As shown in Figure 6(b) the mean amplitude of the longitudinal impedance is much smaller than the pulsatile component (fundamental and second harmonic). In fact, different studies [27, 28] on the "sleeve effect" and on the hemodynamic effects of vein grafts show that it is the pulsatile components that are most useful to quantify the performance of the local arterial function. However, their studies are based on Womersley's solutions applicable only in small arteries where the parietal displacements (aosc) are well below 0.05. Our focus being to study the role of wall elasticity on the local hemodynamic and chiefly at the level of large arteries, we have not, in our simulation, used restrictive assumptions on the convective acceleration terms which are the nonlinear terms of the Navier - Stokes. In [27, 28] the authors have also shown that the longitudinal impedance, increases with the frequency, we observe the same trend for the second harmonic at z = 0.10m and aosc < 0.05, see Figure 5(a). Nevertheless, for the other cases (z = 0.10m–aosc > 0.07 and z = 0.20m–0 ≤ aosc ≤ 0.15) our simulation shows that the second harmonic of the longitudinal impedance is lower than the fundamental and decreases when aosc increases. This is due to the fact that the rate flow and the pressure gradient vary in the same proportion and thus, the convective effects are less important at frequencies above the fundamental. Although the artery longitudinal impedance is usually used as intermediate parameter in calculations, our study has shown a correlation between the longitudinal impedance and the mechanical properties of the wall artery, meaning that it can constitute a clinical important clue for the screening of diseases caused by a change in the mechanical behavior of arteries. Indeed, several studies have shown the incidence of arterial stiffness on cardiovascular disease. Our previous work [29, 30] have shown that the pressure gradient and rate flow can be determined from the rate flow and therefore from velocimetry data at the center of blood vessel, thus, it would be interesting to access this index from non-invasive techniques like ultrasonic Doppler or MRI.

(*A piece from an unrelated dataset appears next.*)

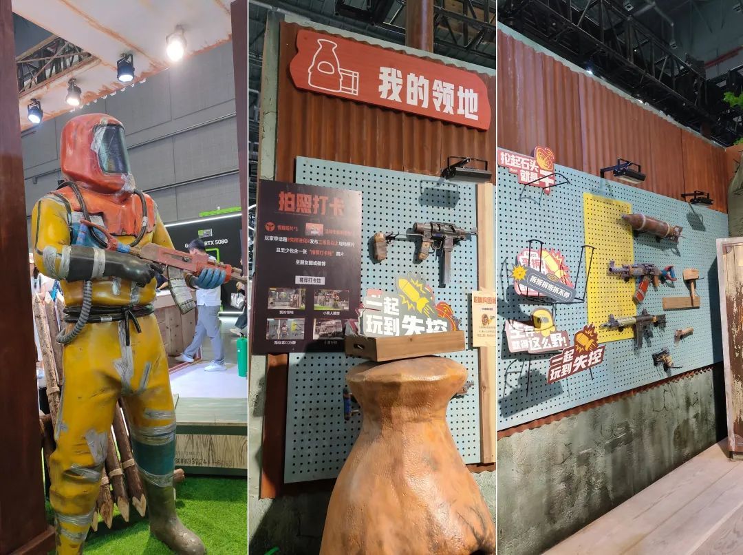 最顯眼包的無疑是一副廢土風格的SOC遊戲《失控進化》。展臺圍繞經典的擼樹、打獵、合成等玩法設計出一套別有趣味的互動挑戰。期間我還看到一位玩家拿起石頭和樹樁較勁,但沒砸幾下,這位老哥就氣喘吁吁敗下陣來,笑罵了一聲:“原來這樹樁這麼難拆的嗎。”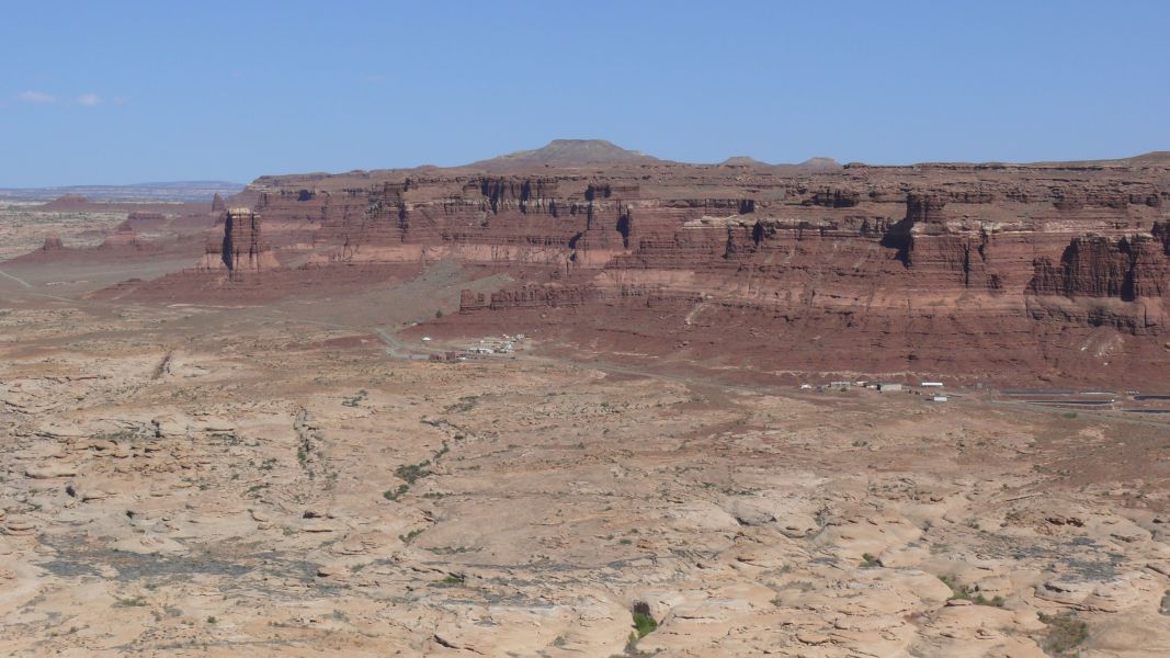 Vorbei am Natural Bridges Monument und am Fry Canyon fahren wir zum Colorado. Hier in der Glen Canyon National Recreation Area fließt er noch träge durch seine in Jahrmillionen gegrabene Schlucht, er ist noch nicht zum Lake Powell aufgestaut, und er hat auch noch nicht den spektakulären Grand Canyon erreicht. Trotzdem ist das Panorama beeindruckend.

In our numerical model we have been subject to certain limitations as the frequency range and reflections. We do not consider multiple reflections caused by the structure of the arterial system because we want to show the response of the elasticity of the arteries on the flow [13, 31, 32]. Indeed, previous work [30, 3335] shows that the extraction of the incident wave would assess the performance of the heart and arterial system. Regarding frequency, the frequency of 1 Hz is often used in the literature because it represents the fundamental frequency of blood pressure that determines the shape and amplitude of the waveform flow.

Conclusions

The main results concern the effects of the elasticity and the loss of elasticity of the arterial wall on the flow waveform and the hemodynamic.

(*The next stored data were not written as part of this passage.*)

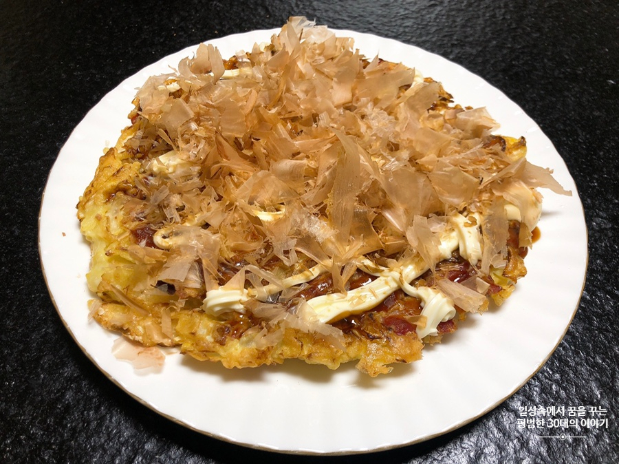 베이컨 오코노미야끼 - 베이컨, 양배추, 계란, 부침가루, 돈까스 소스, 마요네즈, 가쓰오부시가루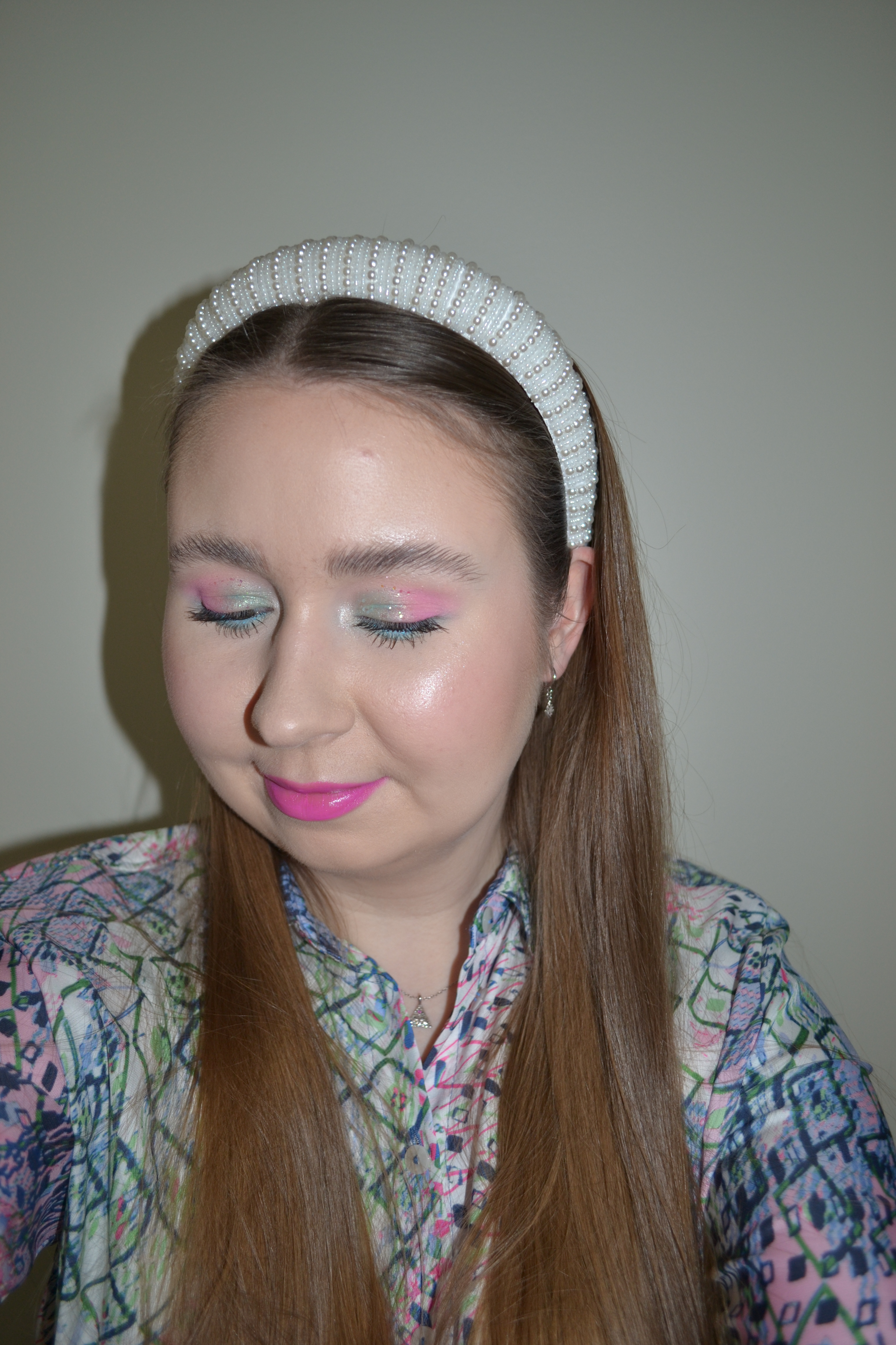 Here’s the make-up I wore with this outfit. You know I love a pastel look, and I think this one turned out pretty cute. I especially love the chunky glitter on my eyelids.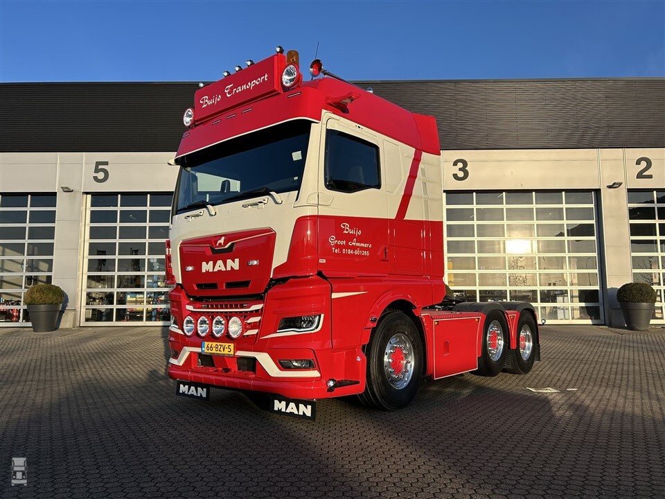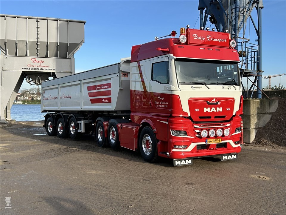 Om het span compleet te maken, hangt er achter de nieuwe MAN een eveneens nieuwe kieptrailer van AJK. Buijs Groot-Ammers is een baggerbedrijf voor overslag van bulk- en stukgoederen. Het bedrijf verzorgt transport over zowel de weg als het water. Het beschikt onder andere over mobiele loskranen, die het zelf vervoerd met een dieplader.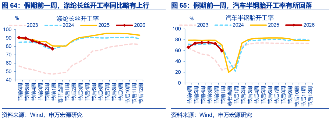 (三)工业生产整体向好,建筑业开工表现分化 要闻:截至春节假期前1周(2月9日至2月15日),工业生产方面,冶金链、石化链开工均有回升。建筑业开工表现分化,反映地产投资的粉磨开工率有所回落,而反映基建投资的沥青开工率则维持韧性。 总结: 春节假期前,工业生产整体向好,建筑业开工表现分化。春节假期前1周(2月9日至2月15日),工业生产中,高炉开工延续上行(环比0.6%),同比维持在2.2%。石化链开工也有改善,纯碱、涤纶长丝开工同比分别较前周回升1.5、0.9个百分点至-2.2%、-3.3%。相比之下,汽车半钢胎开工率表现较弱,同比回落4.8个百分点至-10.9%。建筑业开工方面,更多反映地产投资的全国粉磨开工率有所走弱,同比回落4.2个百分点至-0.1%;沥青开工率维持韧性,同比维持在1.1%。

The study of the waveform is useful for the hemodynamic signal processing. Our results show that the variation in the radius of the artery during a cardiac cycle effects the hemodynamic. We observe two types of behavior defined by a critical point corresponding to a variation of the radius equal to 5% (aosc). This critical point represents the limit of deformation of the arterial wall beyond which the convective acceleration terms play a significant role on the flow.

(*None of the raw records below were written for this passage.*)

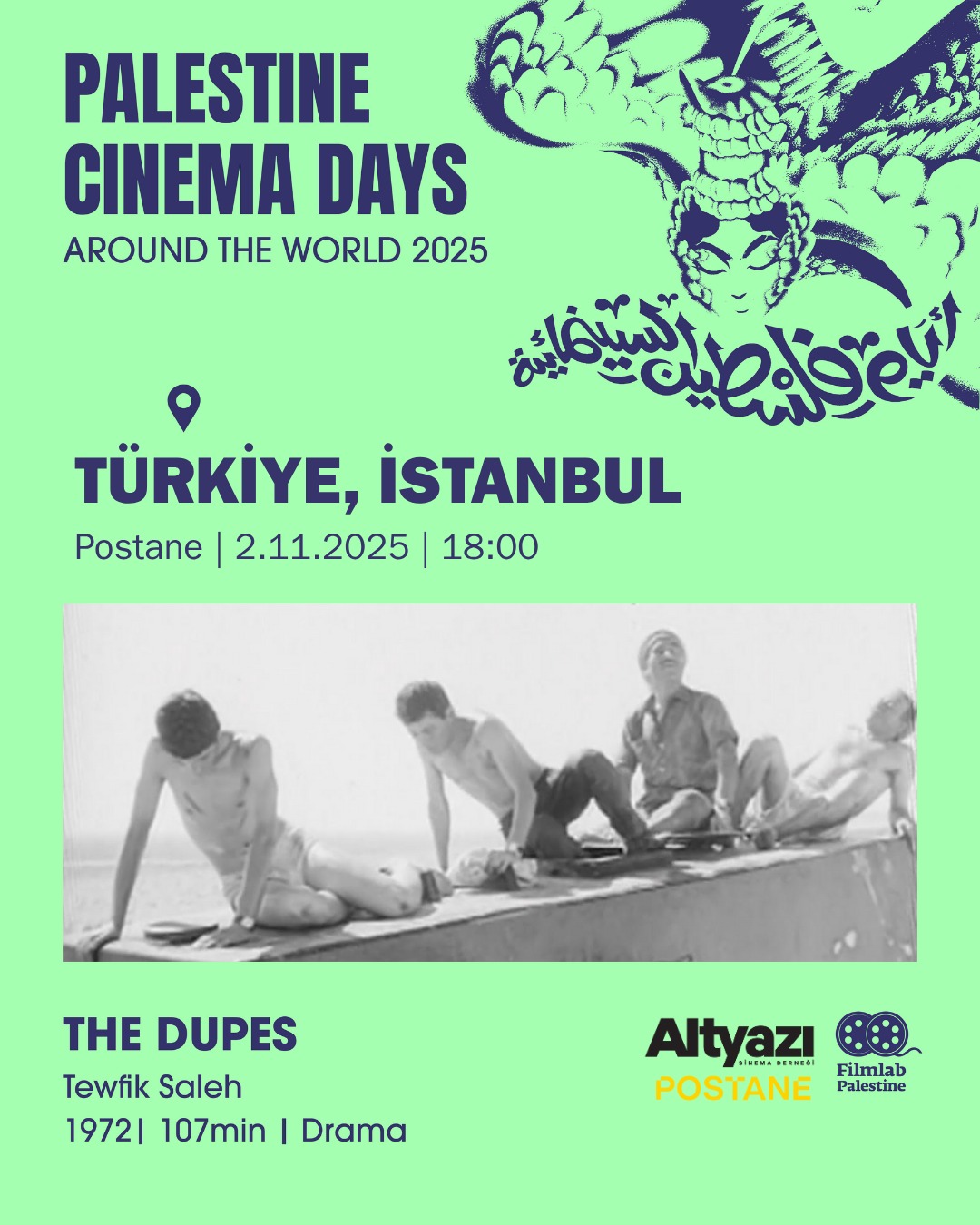 Birçok ülkede sansüre uğrayan, Tewfik Saleh imzalı ‘Aldatılmışlar’ (Al-makhdu'un / The Dupes, 1972) filmi, 2 Kasım Pazar günü iki farklı mekânda arka arkaya gösterilecek. İlk gösterim saat 18:00’de Postane’de, ikinci gösterim ise saat 20:30’da Parmakültür’de yapılacak.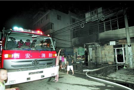 昨晚10時許,西安市邊東街瑾臻網吧突然燃起大火,大約二十分鐘后,趕到現場的消防官兵將火撲滅,但網吧外面已經燒得漆黑,整個二層小樓已經面目全非!熬W吧在一樓,二樓沒有住人。”網吧收銀員侯先生告訴民警,當時網吧內共有54個人在上網,網吧的南門被潑進了汽油,上網者都從北門逃離,沒有造成人員傷亡。
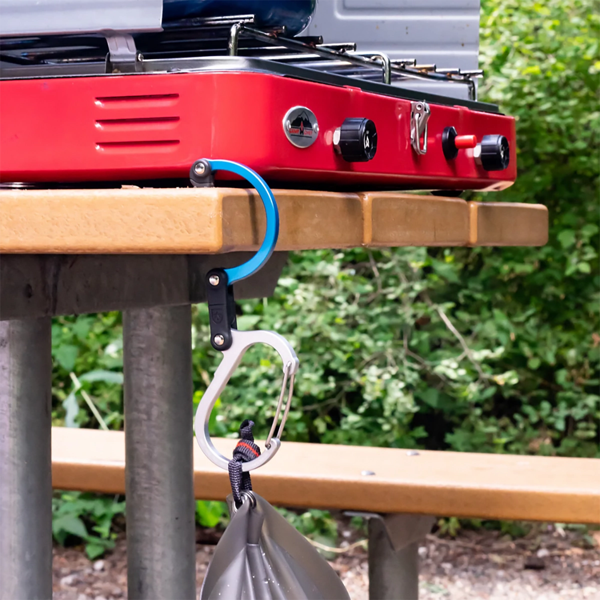 - doskonały do zawieszenia: plecaków, rowerów, desek SUP, lamp kempingowych, worków ze sprzętem turystycznym itp.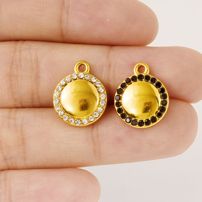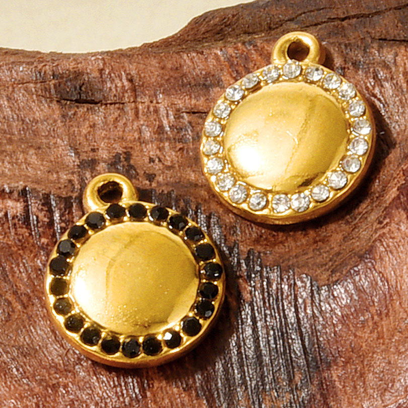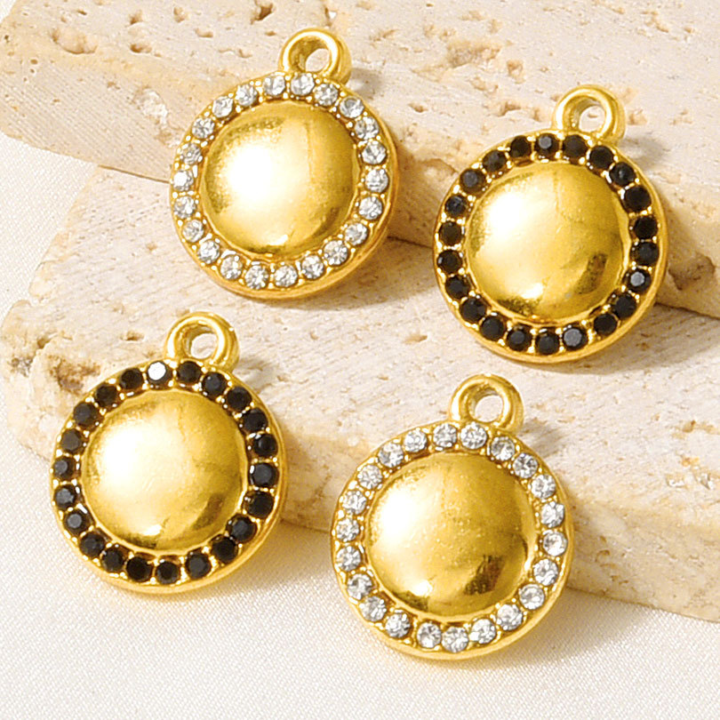 Stainless Steel Pendants 304 Stainless Steel Round plated DIY & with rhinestone Sold By Bag

The longitudinal impedance was calculated to interpret the effects of convective acceleration on the flow. The results show that for aosc > 0.05 the convective acceleration decelerate the flow so that a portion of blood volume is retained in the upstream of the artery. The longitudinal impedance would, therefore, be a clinically useful parameter to assess the elasticity of the arteries, in order to detect and localize vascular diseases affecting the wall of the elastic arteries like the aorta. Thus, determination of the longitudinal impedance, for a functional exploration of the arterial system, could be performed by non-invasive techniques such as ultrasonic Doppler velocimetry.